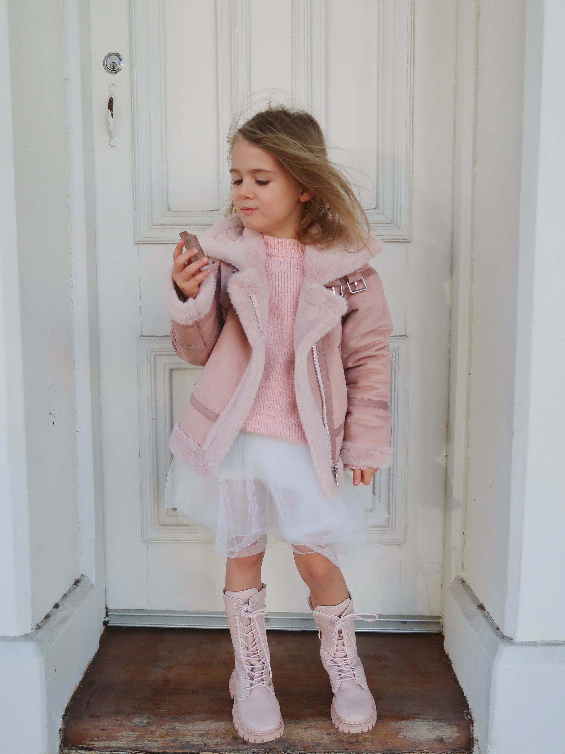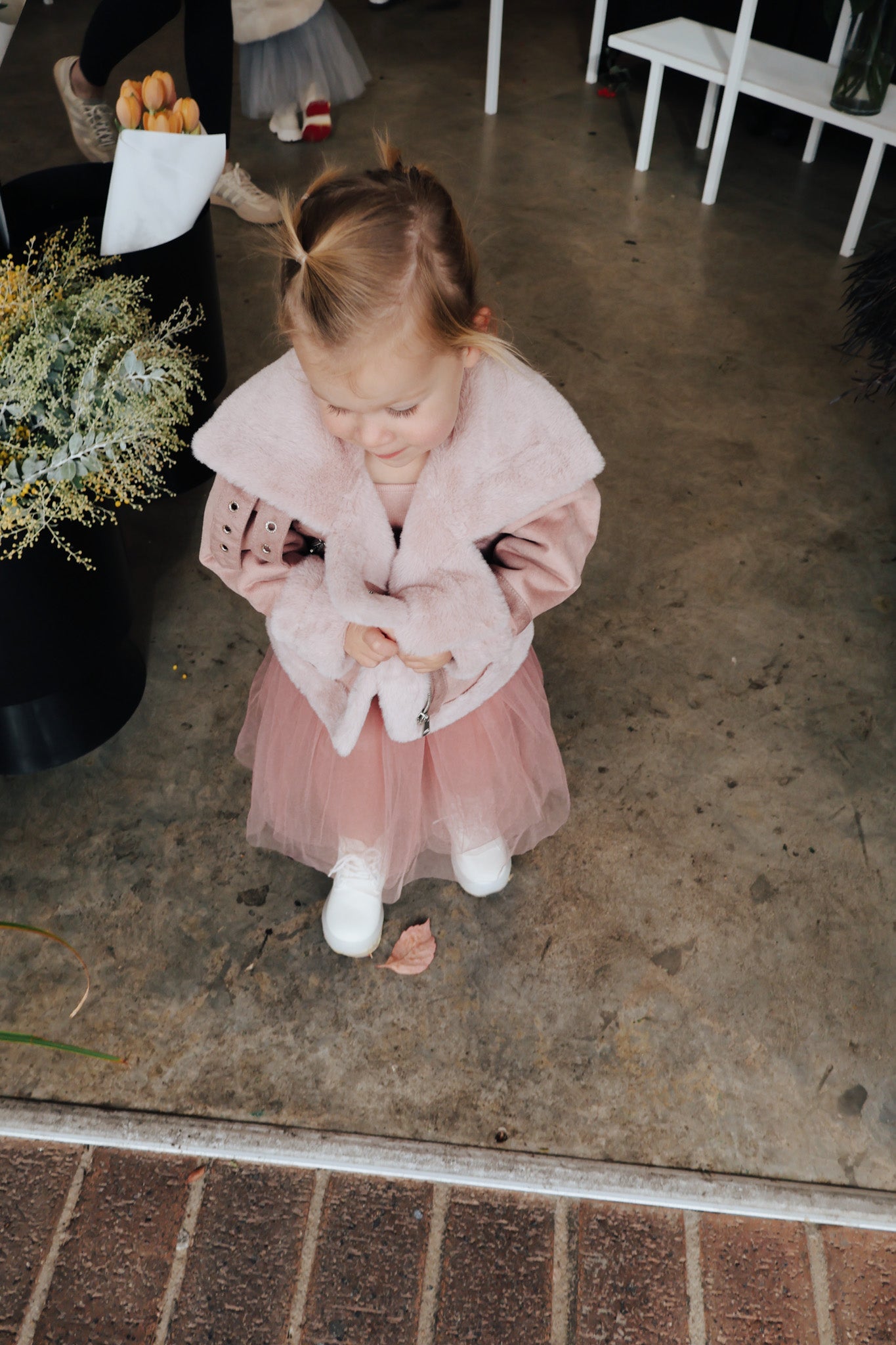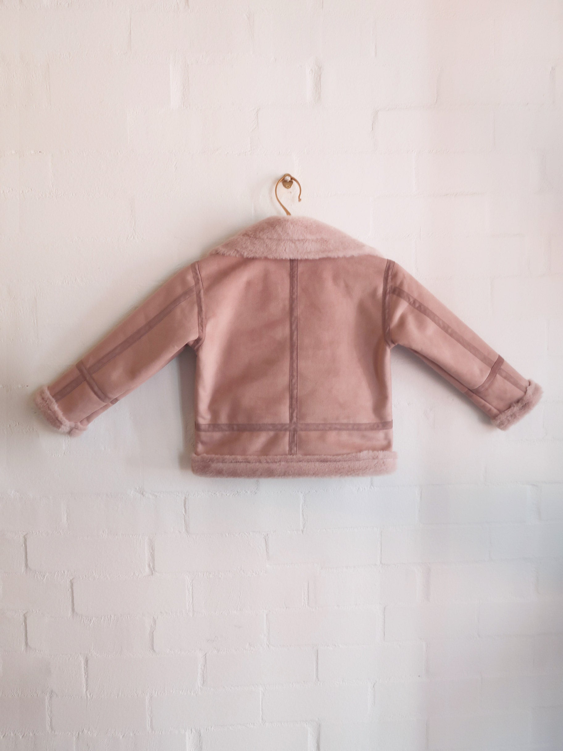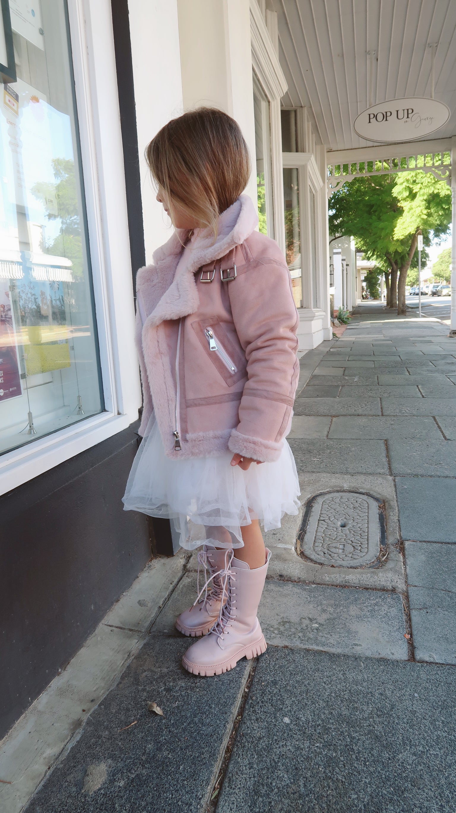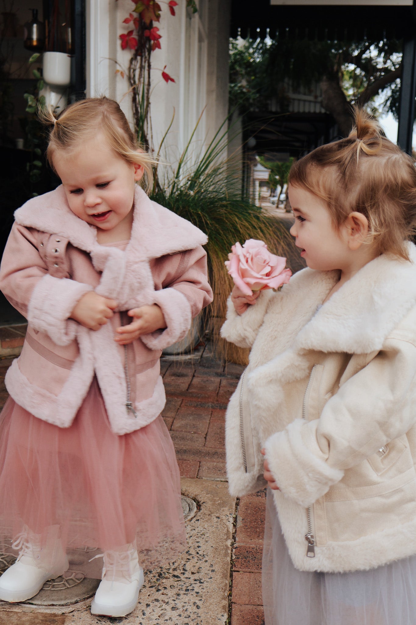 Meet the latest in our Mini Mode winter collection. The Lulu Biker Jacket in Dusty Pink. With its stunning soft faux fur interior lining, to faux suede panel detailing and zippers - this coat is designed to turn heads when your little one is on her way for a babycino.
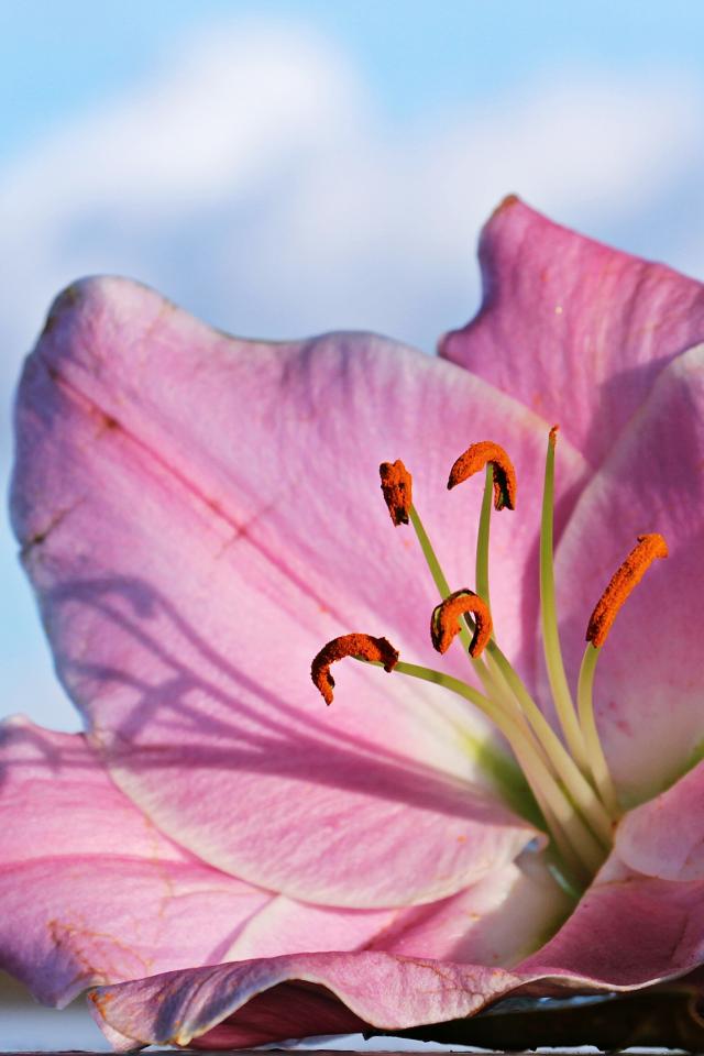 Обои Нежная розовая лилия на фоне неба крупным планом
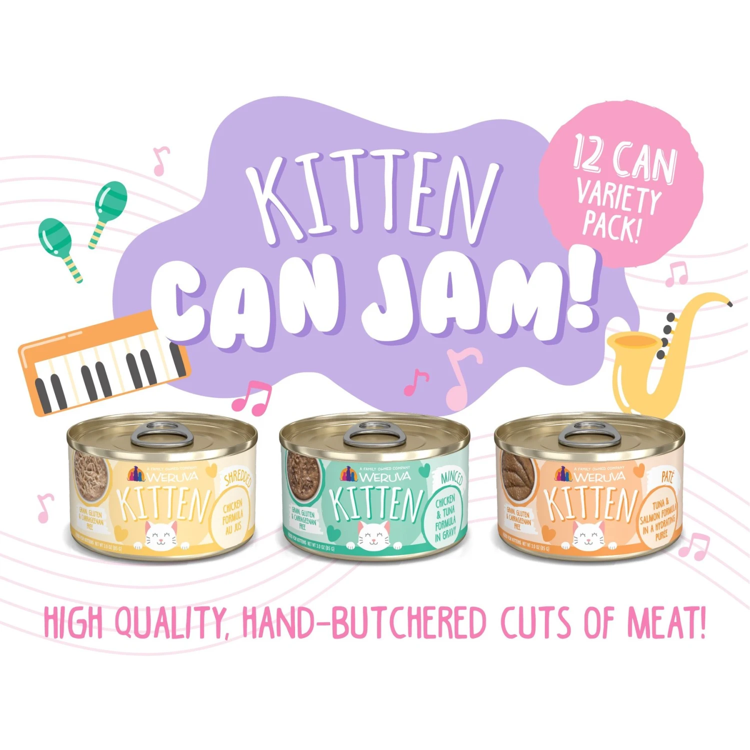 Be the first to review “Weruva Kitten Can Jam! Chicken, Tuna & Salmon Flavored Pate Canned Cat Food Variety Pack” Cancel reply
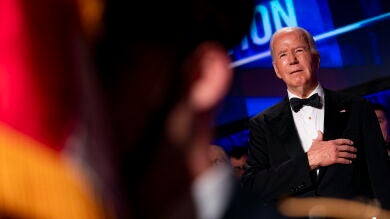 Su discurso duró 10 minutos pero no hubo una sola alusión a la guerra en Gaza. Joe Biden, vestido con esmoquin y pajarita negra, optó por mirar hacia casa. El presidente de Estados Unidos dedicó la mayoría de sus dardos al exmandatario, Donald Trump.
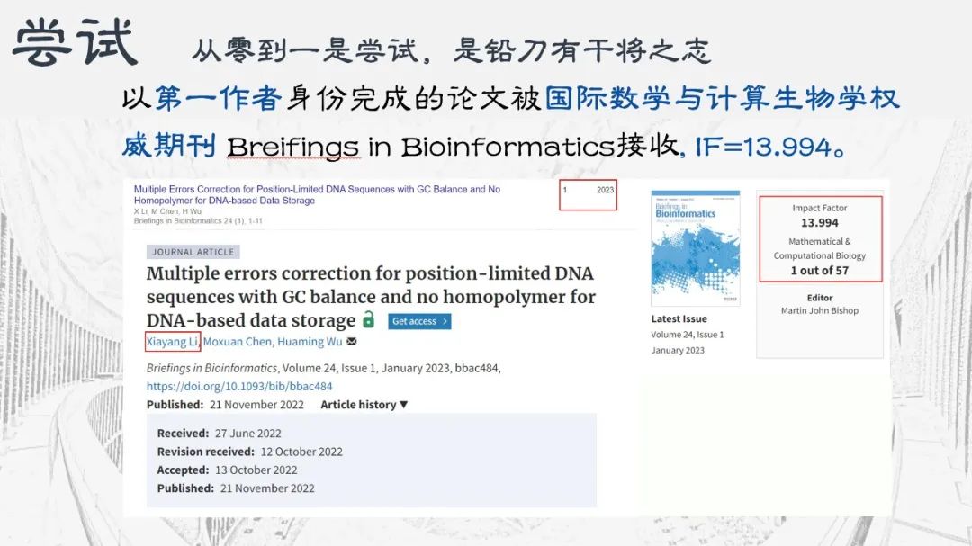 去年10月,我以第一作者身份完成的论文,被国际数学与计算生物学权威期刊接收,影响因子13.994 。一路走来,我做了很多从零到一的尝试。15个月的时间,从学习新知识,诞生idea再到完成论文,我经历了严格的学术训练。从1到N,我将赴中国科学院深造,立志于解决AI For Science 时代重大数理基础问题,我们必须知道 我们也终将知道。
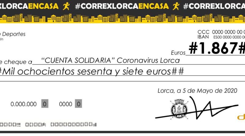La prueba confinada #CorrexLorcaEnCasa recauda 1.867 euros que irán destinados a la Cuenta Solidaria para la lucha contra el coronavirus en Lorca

==========

Work to be completed = From the first line above to the line containing "Su discurso duró", repeat each line exactly. Pictures stay out.

Finished task =
 Meet the latest in our Mini Mode winter collection. The Lulu Biker Jacket in Dusty Pink. With its stunning soft faux fur interior lining, to faux suede panel detailing and zippers - this coat is designed to turn heads when your little one is on her way for a babycino.
 Обои Нежная розовая лилия на фоне неба крупным планом
 Be the first to review “Weruva Kitten Can Jam! Chicken, Tuna & Salmon Flavored Pate Canned Cat Food Variety Pack” Cancel reply
 Su discurso duró 10 minutos pero no hubo una sola alusión a la guerra en Gaza. Joe Biden, vestido con esmoquin y pajarita negra, optó por mirar hacia casa. El presidente de Estados Unidos dedicó la mayoría de sus dardos al exmandatario, Donald Trump.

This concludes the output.